- Location offshore Japan

Location
- Location: Western Pacific Ocean
- Coordinates: 34°18′N 143°54′E﻿ / ﻿34.3°N 143.9°E

Geology
- Age of rock: Cretaceous

= Takuyo-Daini =

Seamount in the Pacific Ocean

Takuyo-Daini is a seamount in the Pacific Ocean.

Takuyo-Daini is part of the so-called "Seiko" cluster or the "Geisha Guyots" in the Japanese Seamounts; it lies just west of Takuyo-Daisan seamount with which it forms a pair. Takuyo-Daini rises from a depth of 5195 m to a minimum depth of 1420 m and has a regular round shape with a small volume of 2237 km3. Both seamounts are guyots and together with two other guyots known as Winterer and Isakov have been interpreted as being part of a hotspot track.
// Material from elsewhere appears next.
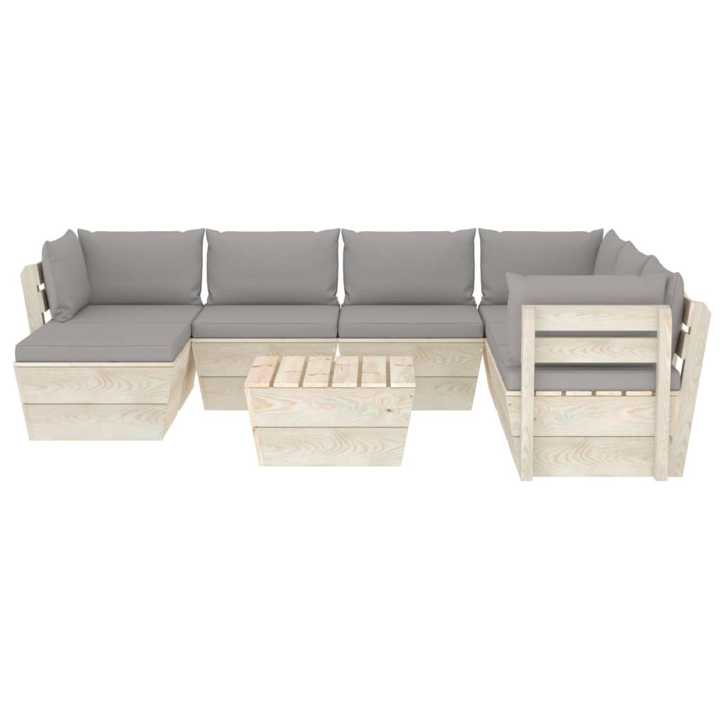 8-cz. ogrodowy zestaw wypoczynkowy z palet, poduszki, świerk
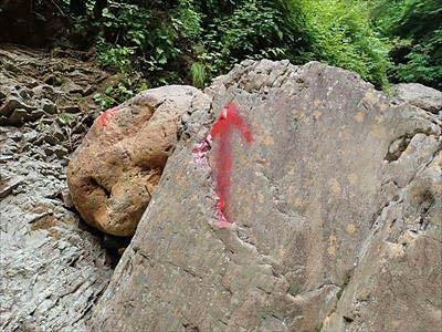 丹生川 道元峡~層雲峡 26落合までのルートを道元峡といい、落合から御宝前大滝までを層雲峡と言うそうです。道元峡の場合、増水時など林道に上がるエスケープルートが途中三か所あります。連絡道 2と3と4(落合)です。層雲峡は、エスケープルートがありません。2021年8月5日撮影 |

The Western Pacific Ocean contains a large number of seamounts which often from clusters or groups. Many of them have flat tops 1–2 km below sea level. A number of these formed during a large-scale volcanic episode in the Albian-Aptian era of the Cretaceous; this includes Takuyo-Daini, where radiometric dating has yielded ages of 118.6 million years ago. At the time of its formation this seamount was located in the central Pacific Ocean. Fossils of rudist bivalves have been found on Takuyo-Daini; the seamount once featured rudist reefs that ceased growing during the Albian and define a Auroradiolites biconvexus–Magallanesia rutogensis faunal assemblage. The rudist genera Magallanesia was discovered on Takuyo-Daini and on Cebu in the Philippines. Extant animal species at Takuyo-Daini include Halicmetus fish.